Building your internship program subpage

Building Your Internship Program
Remember, interns are not just additional clerical staff. Interns should be considered an integral part of
the work force who are expected to learn and understand the nature of the business and projects they
are assigned. Provide meaningful work. If the interns are used purely for "busy work", neither party is
maximizing the situation. Make sure interns understand the "big picture" by providing broad exposure
to the organization, including staff meetings and informational interviews with key staff members. You
will be pleasantly surprised at the quality of work they can produce!
 Develop specific projects and assignments.
Whenever possible, delegate beginning-to-end projects. Let interns work as a member of the
team so they can learn how different departments interact within the organization. Plan a
challenging work experience and assign projects that relate to their studies. Routine office work
should not be the primary focus of the experience.
Determine the particulars.
Map out the length and timing of the internship experience (i.e. summer, fall, or spring, and the
number of weeks), working hours (part-time or full-time), applicant selection criteria, and
Work with the supervising manager to create a job description.
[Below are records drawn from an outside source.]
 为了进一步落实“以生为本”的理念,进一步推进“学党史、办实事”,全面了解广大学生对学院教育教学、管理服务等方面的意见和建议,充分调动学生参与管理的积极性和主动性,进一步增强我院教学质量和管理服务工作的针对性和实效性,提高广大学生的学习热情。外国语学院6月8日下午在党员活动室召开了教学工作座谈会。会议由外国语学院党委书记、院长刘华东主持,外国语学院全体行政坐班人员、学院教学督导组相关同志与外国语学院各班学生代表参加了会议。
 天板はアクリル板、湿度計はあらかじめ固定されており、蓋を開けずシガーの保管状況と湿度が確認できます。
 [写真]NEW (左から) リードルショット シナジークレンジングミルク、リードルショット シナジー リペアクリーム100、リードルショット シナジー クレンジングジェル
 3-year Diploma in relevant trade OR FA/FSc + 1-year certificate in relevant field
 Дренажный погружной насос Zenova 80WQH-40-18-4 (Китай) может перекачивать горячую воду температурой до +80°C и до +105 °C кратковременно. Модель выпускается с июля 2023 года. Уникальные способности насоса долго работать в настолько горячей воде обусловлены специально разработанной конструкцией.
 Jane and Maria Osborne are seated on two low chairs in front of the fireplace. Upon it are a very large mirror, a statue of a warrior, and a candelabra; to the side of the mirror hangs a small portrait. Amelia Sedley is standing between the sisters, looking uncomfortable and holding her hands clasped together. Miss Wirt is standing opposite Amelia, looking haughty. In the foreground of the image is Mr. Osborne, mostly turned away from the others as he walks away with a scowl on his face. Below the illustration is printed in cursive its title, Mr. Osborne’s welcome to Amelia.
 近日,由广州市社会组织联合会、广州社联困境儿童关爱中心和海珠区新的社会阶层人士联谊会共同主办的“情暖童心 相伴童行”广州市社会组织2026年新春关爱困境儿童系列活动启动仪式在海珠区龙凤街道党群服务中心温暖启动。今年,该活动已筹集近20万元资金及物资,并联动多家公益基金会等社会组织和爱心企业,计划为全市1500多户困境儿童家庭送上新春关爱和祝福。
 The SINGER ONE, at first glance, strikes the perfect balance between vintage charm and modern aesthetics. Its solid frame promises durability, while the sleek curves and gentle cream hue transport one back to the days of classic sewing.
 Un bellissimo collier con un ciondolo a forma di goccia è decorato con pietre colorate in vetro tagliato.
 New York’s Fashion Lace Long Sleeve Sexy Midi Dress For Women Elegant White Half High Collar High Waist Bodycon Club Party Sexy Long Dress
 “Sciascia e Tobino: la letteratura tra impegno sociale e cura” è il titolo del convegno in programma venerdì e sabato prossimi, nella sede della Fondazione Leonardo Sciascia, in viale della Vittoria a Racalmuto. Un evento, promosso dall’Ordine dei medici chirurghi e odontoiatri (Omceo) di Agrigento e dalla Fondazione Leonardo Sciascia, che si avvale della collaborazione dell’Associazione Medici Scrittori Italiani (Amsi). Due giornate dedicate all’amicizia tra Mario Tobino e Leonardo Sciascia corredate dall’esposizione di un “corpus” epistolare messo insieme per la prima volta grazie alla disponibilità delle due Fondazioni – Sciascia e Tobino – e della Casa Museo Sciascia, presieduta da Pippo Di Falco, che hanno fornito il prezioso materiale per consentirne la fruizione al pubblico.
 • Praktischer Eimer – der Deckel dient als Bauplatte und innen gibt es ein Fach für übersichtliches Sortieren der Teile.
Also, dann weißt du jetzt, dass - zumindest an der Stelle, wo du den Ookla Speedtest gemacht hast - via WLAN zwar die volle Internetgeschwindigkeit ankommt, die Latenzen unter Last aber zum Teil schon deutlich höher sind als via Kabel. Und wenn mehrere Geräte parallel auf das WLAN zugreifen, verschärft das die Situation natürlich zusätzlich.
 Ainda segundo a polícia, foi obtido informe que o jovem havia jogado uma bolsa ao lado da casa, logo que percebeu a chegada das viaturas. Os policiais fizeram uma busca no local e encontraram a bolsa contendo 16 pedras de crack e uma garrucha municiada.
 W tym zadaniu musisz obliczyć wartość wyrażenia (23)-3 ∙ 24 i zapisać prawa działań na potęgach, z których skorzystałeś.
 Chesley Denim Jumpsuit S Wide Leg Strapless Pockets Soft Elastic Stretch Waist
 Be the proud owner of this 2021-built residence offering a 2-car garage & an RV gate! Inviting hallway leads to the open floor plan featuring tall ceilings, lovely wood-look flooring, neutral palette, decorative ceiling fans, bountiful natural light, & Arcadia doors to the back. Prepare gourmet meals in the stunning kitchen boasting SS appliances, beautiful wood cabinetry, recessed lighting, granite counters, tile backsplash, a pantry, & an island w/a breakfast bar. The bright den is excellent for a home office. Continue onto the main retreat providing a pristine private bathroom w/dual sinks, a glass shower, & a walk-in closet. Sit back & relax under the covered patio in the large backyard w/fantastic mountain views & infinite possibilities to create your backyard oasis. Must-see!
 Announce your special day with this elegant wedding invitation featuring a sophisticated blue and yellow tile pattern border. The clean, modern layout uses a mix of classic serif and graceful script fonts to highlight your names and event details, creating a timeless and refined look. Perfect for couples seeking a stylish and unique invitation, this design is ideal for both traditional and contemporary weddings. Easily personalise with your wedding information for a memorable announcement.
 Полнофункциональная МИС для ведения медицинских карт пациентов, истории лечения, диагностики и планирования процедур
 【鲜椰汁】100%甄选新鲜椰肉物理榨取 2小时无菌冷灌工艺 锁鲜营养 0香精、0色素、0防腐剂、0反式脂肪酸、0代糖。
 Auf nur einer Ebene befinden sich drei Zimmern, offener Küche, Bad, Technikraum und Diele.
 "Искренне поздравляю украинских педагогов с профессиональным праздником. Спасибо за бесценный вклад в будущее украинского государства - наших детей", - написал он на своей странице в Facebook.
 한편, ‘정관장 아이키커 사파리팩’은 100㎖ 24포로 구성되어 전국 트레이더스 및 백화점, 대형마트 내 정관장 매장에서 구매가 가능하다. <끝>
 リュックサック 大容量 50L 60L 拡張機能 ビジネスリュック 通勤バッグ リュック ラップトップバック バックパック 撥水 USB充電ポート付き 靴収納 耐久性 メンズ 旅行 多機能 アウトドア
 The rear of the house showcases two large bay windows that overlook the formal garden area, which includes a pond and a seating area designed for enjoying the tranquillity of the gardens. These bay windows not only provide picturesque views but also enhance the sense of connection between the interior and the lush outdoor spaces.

Describe the organization and outline duties or projects associated with the internship. Develop
a detailed position description that outlines the student's expectations and assignments.
Select a direct supervisor for each intern.
This person should be responsible for assigning projects, working with the intern to provide onthe-job training, answering questions and offering regular performance reviews.
Appoint an Internship Coordinator as needed for recruitment and management purposes.
The task of screening applicants, working with the Career Planning and Development, and
administering the on-site activities of interns can become fairly time-consuming depending on
the size of your internship program.
Coordinate logistics prior to the intern's arrival.
Be sure to arrange for workspace, phone use, a mailbox, e-mail accounts, payroll forms, security
clearance, parking permits, and any other needs.
Provide training and support through an orientation or mentoring program.
The training program should cover the basics, including an overview of corporate philosophy, an
office tour, and introductions to staff. Also want to review the dress code, hours, and other
relevant office policies and company procedures.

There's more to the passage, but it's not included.